(Exercise materials)

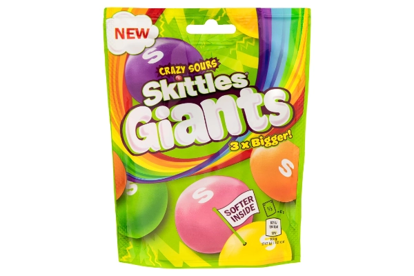SKITTLES Giants sind 3x größer als die originalen SKITTLES mit der gleichen knusprigen Schale und dem größeren weichen Kern mit einer Explosion von sauren, fruchtigen Aromen. Die SKITTLES Giants Sours Packung enthält die Geschmacksrichtungen Ananas, Himbeere, Kirsche, Mandarine und saurer Apfel. SKITTLES werden groß verkauft!
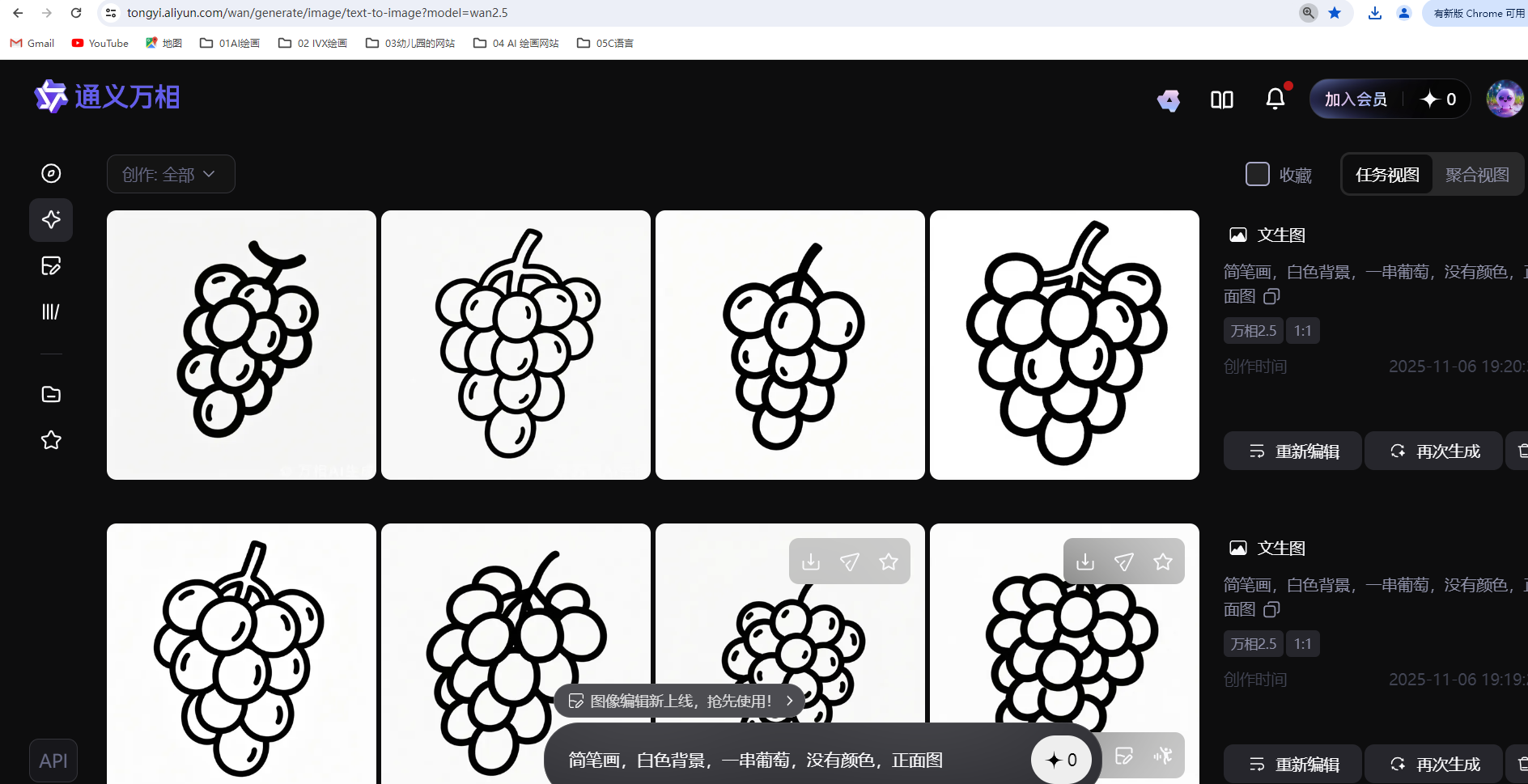 谷歌页面打开通义万相,页面放大到200%
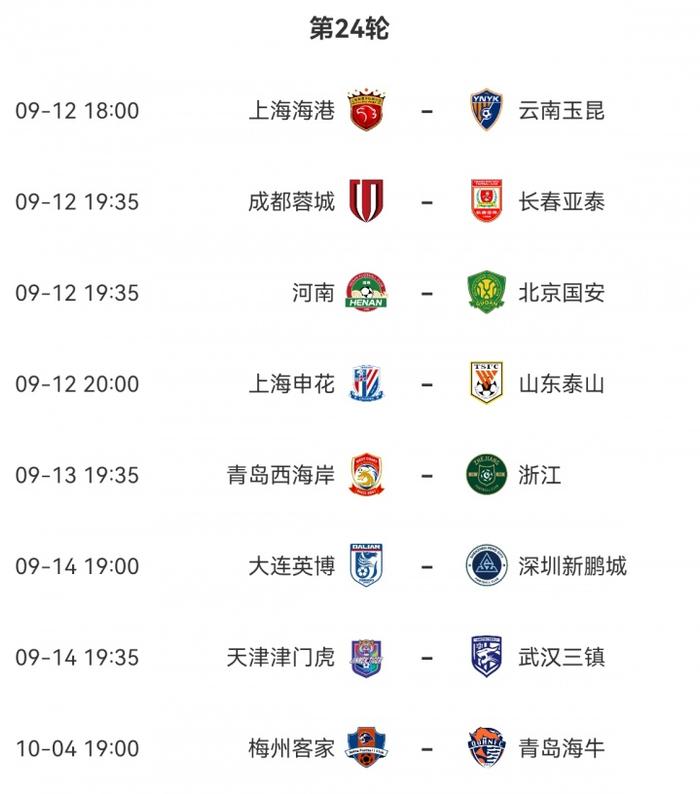 直播吧09月12日讯 中超重燃战火,前4球队今天纷纷出战,蓉城对阵倒数第一但进来状态不俗的亚泰,近5轮只拿到1胜的申花大战4连胜的泰山,海港主场迎战客场战绩糟糕的玉昆,国安客场挑战河南。
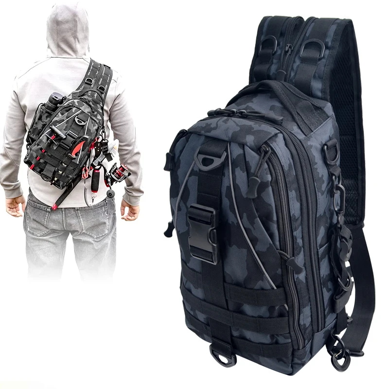 Mochila de pesca con soporte para caña, bolso de hombro multifunción, herramientas de caña de pescar al aire libre, bolsa de aparejos de pesca
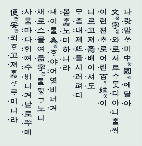 첫째, 우리나라의 말이 중국 말과 달라서 한문 글자와는 서로 잘 통하지 아니한다.
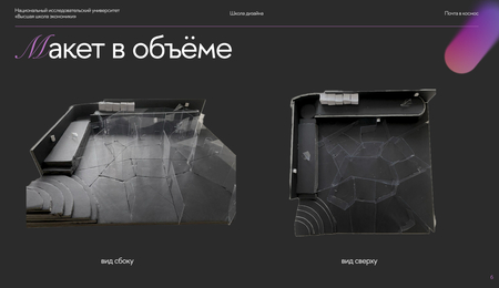 Мой проект посвящен пространству, где каждый может направить мысли «в космос». Я создала пространство «Почта в космос», где человек может почувствовать гармонию и спокойствие внутри себя. Каждый человек сталкивался с тяжелыми ситуациями. Иногда нам просто нужно выговориться, и в такие моменты мы можем открыться. Самое лучшее решение — описать или написать свои чувства на бумаге. А что же будет дальше с этими словами? Давайте отправим их в космос, чтобы наши чувства не пропали без следа, а были унесены в вечность, где ваши тревоги исчезнут, и останутся только там. В «Почте в космос» вы можете пройти лабиринт «созвездий», чтобы глубже погрузиться в себя, прожить свои чувства — и не обязательно негативные — окутать себя «космической» любовью. Именно пространство «Почта в космос» поможет вам с вашими чувствами, соединив вас с космосом.
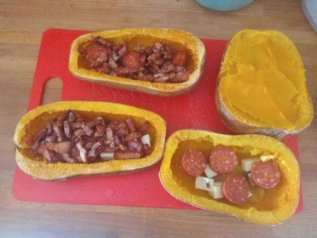 Fill up with the bacon-chorizo mix and some cheese pieces, then cover it back with the pulp and smooth the top.
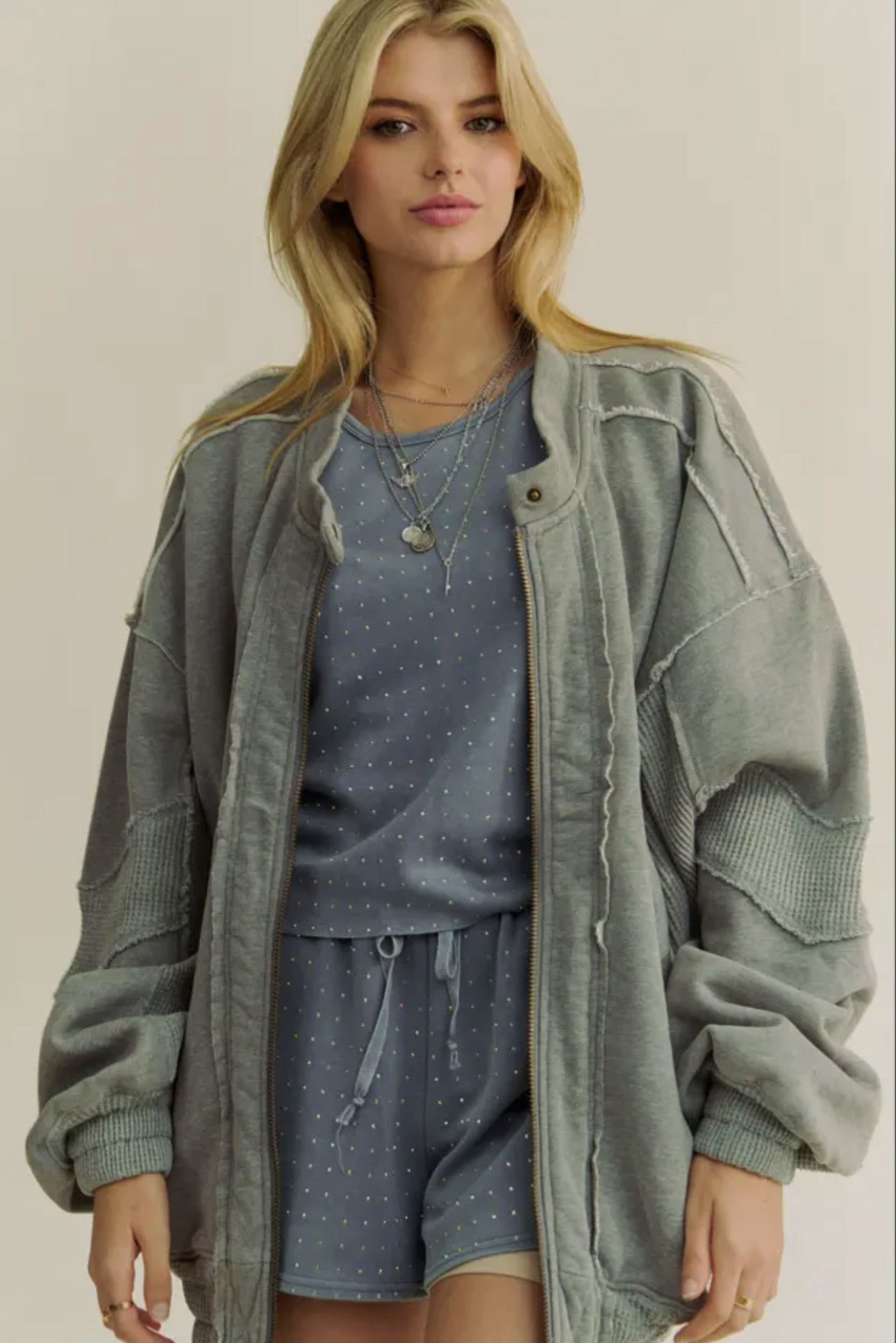 This sparkling set features a soft, comfortable fabric in a trendy washed denim color, perfectly blending casual vibes with dazzling rhinestone details all over. The matching shorts and top combo is ideal for turning heads while staying effortlessly cool and comfy. Perfect for fun days out or lively nights, this outfit adds a playful sparkle to your wardrobe!

(End Exercise materials)

### Task
Pictures are to be omitted; set down the rest of the entries exactly as given.

### Exercise answer
SKITTLES Giants sind 3x größer als die originalen SKITTLES mit der gleichen knusprigen Schale und dem größeren weichen Kern mit einer Explosion von sauren, fruchtigen Aromen. Die SKITTLES Giants Sours Packung enthält die Geschmacksrichtungen Ananas, Himbeere, Kirsche, Mandarine und saurer Apfel. SKITTLES werden groß verkauft!
 谷歌页面打开通义万相,页面放大到200%
 直播吧09月12日讯 中超重燃战火,前4球队今天纷纷出战,蓉城对阵倒数第一但进来状态不俗的亚泰,近5轮只拿到1胜的申花大战4连胜的泰山,海港主场迎战客场战绩糟糕的玉昆,国安客场挑战河南。
 Mochila de pesca con soporte para caña, bolso de hombro multifunción, herramientas de caña de pescar al aire libre, bolsa de aparejos de pesca
 첫째, 우리나라의 말이 중국 말과 달라서 한문 글자와는 서로 잘 통하지 아니한다.
 Мой проект посвящен пространству, где каждый может направить мысли «в космос». Я создала пространство «Почта в космос», где человек может почувствовать гармонию и спокойствие внутри себя. Каждый человек сталкивался с тяжелыми ситуациями. Иногда нам просто нужно выговориться, и в такие моменты мы можем открыться. Самое лучшее решение — описать или написать свои чувства на бумаге. А что же будет дальше с этими словами? Давайте отправим их в космос, чтобы наши чувства не пропали без следа, а были унесены в вечность, где ваши тревоги исчезнут, и останутся только там. В «Почте в космос» вы можете пройти лабиринт «созвездий», чтобы глубже погрузиться в себя, прожить свои чувства — и не обязательно негативные — окутать себя «космической» любовью. Именно пространство «Почта в космос» поможет вам с вашими чувствами, соединив вас с космосом.
 Fill up with the bacon-chorizo mix and some cheese pieces, then cover it back with the pulp and smooth the top.
 This sparkling set features a soft, comfortable fabric in a trendy washed denim color, perfectly blending casual vibes with dazzling rhinestone details all over. The matching shorts and top combo is ideal for turning heads while staying effortlessly cool and comfy. Perfect for fun days out or lively nights, this outfit adds a playful sparkle to your wardrobe!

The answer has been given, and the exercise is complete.